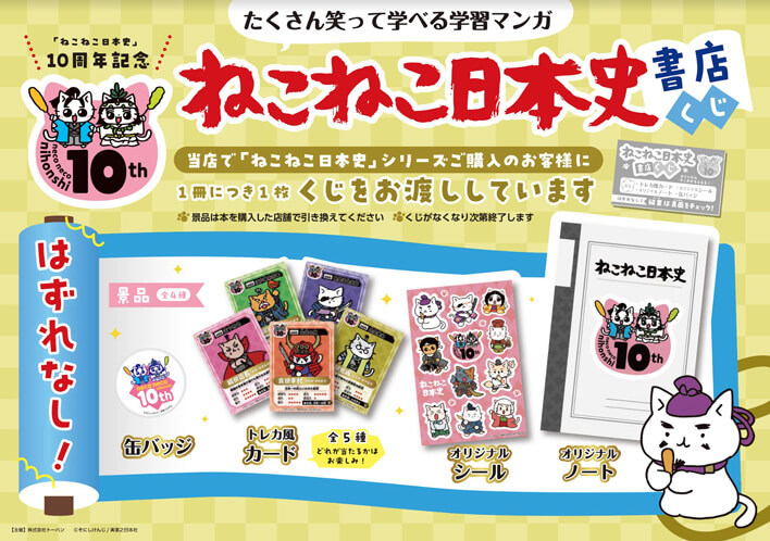 現在、全国309店舗の書店で10周年を記念したフェアを開催中で、はずれなしの書店くじを実施しています(※くじがなくなり次第終了します)。くじは『ねこねこ日本史』シリーズの商品を1冊購入ごとに1枚進呈。くじに記載された商品を1つもらえるので、ぜひ参加してみてください。
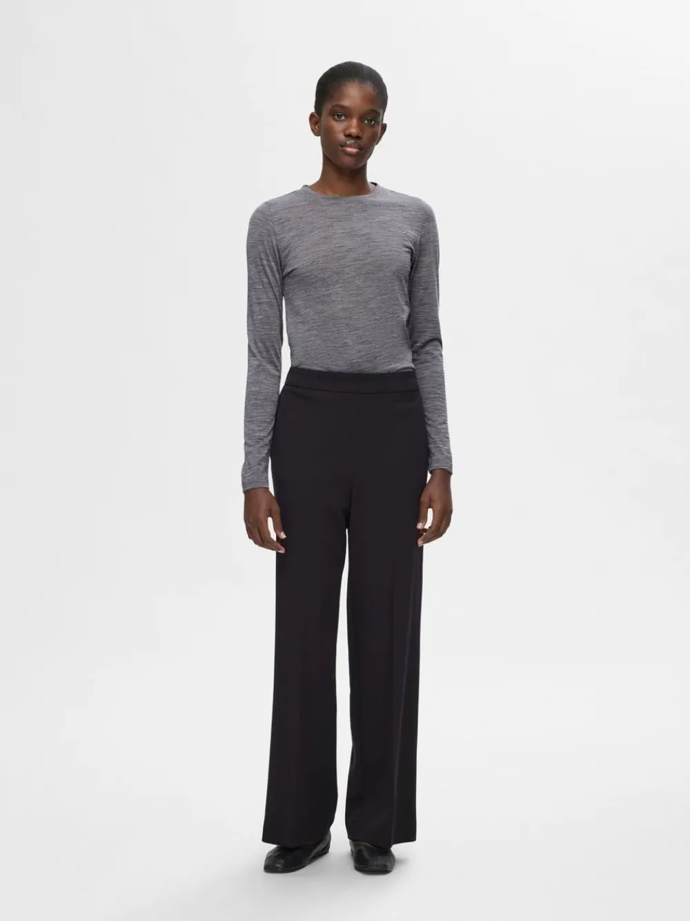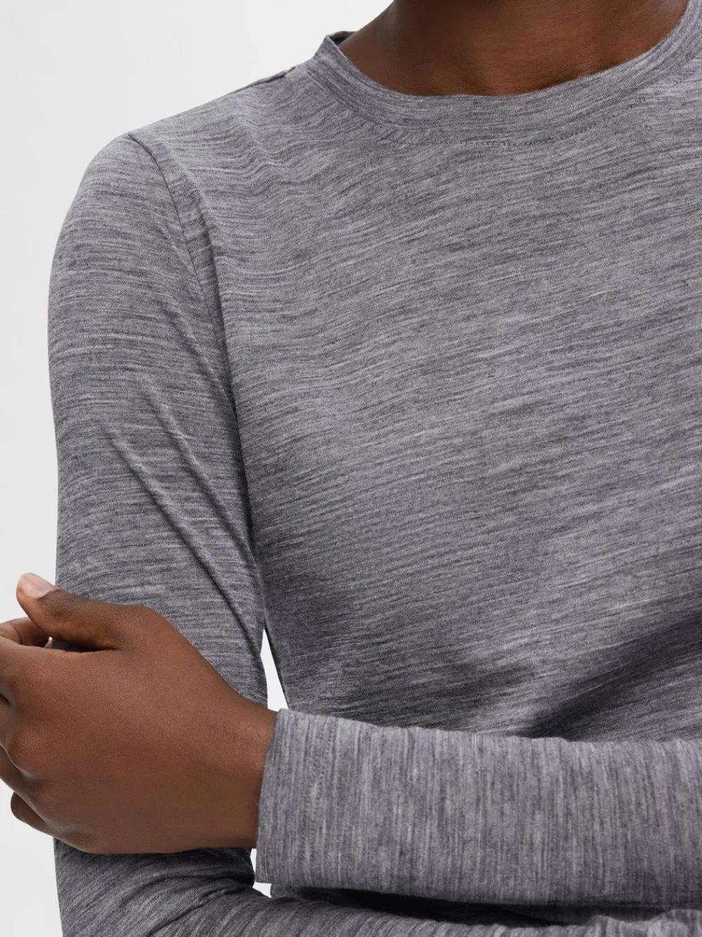 Hübsche, taillierte Bluse aus 100% Wolle von . Das Modell hat lange schmale Ärmel, einen Rundhalsausschnitt und eine reguläre Länge. Die perfekte Basic-Bluse für Ihren Kleiderschrank.
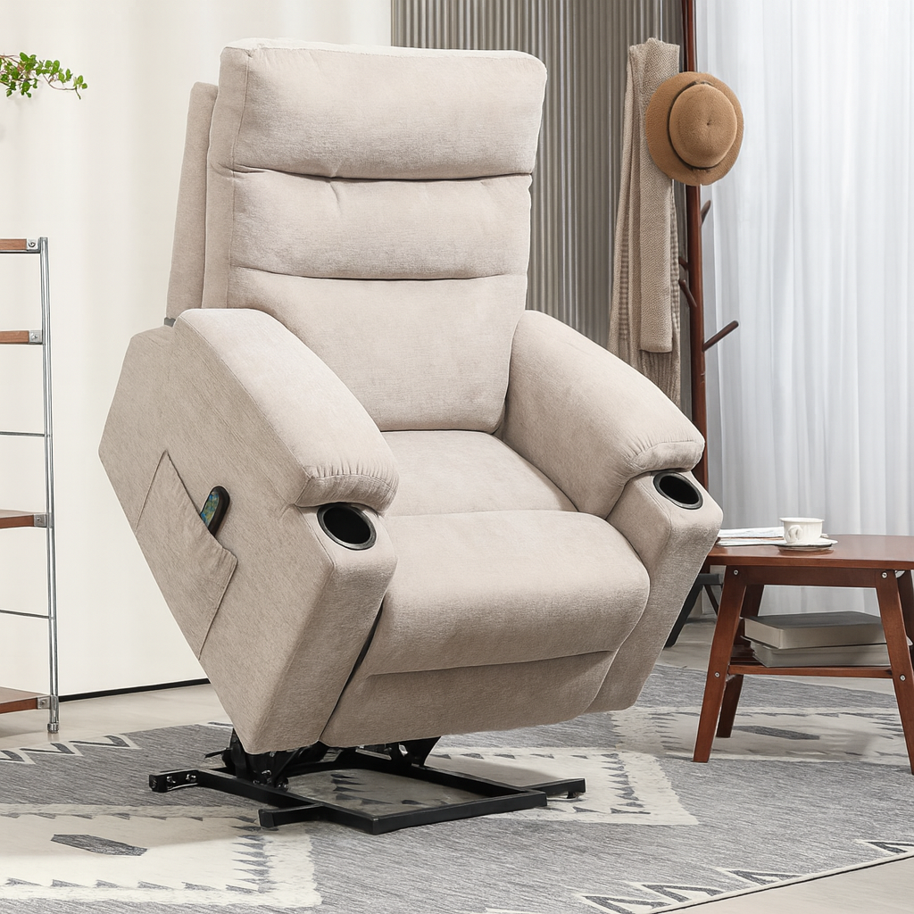 • Elektrische Aufstehhilfe unterstützt sanft den Übergang vom Sitzen zum Stehen.

→ Prompt: With the pictures removed, return the listing above in its exact original wording.

→ Response to the exercise:
 現在、全国309店舗の書店で10周年を記念したフェアを開催中で、はずれなしの書店くじを実施しています(※くじがなくなり次第終了します)。くじは『ねこねこ日本史』シリーズの商品を1冊購入ごとに1枚進呈。くじに記載された商品を1つもらえるので、ぜひ参加してみてください。
 Hübsche, taillierte Bluse aus 100% Wolle von . Das Modell hat lange schmale Ärmel, einen Rundhalsausschnitt und eine reguläre Länge. Die perfekte Basic-Bluse für Ihren Kleiderschrank.
 • Elektrische Aufstehhilfe unterstützt sanft den Übergang vom Sitzen zum Stehen.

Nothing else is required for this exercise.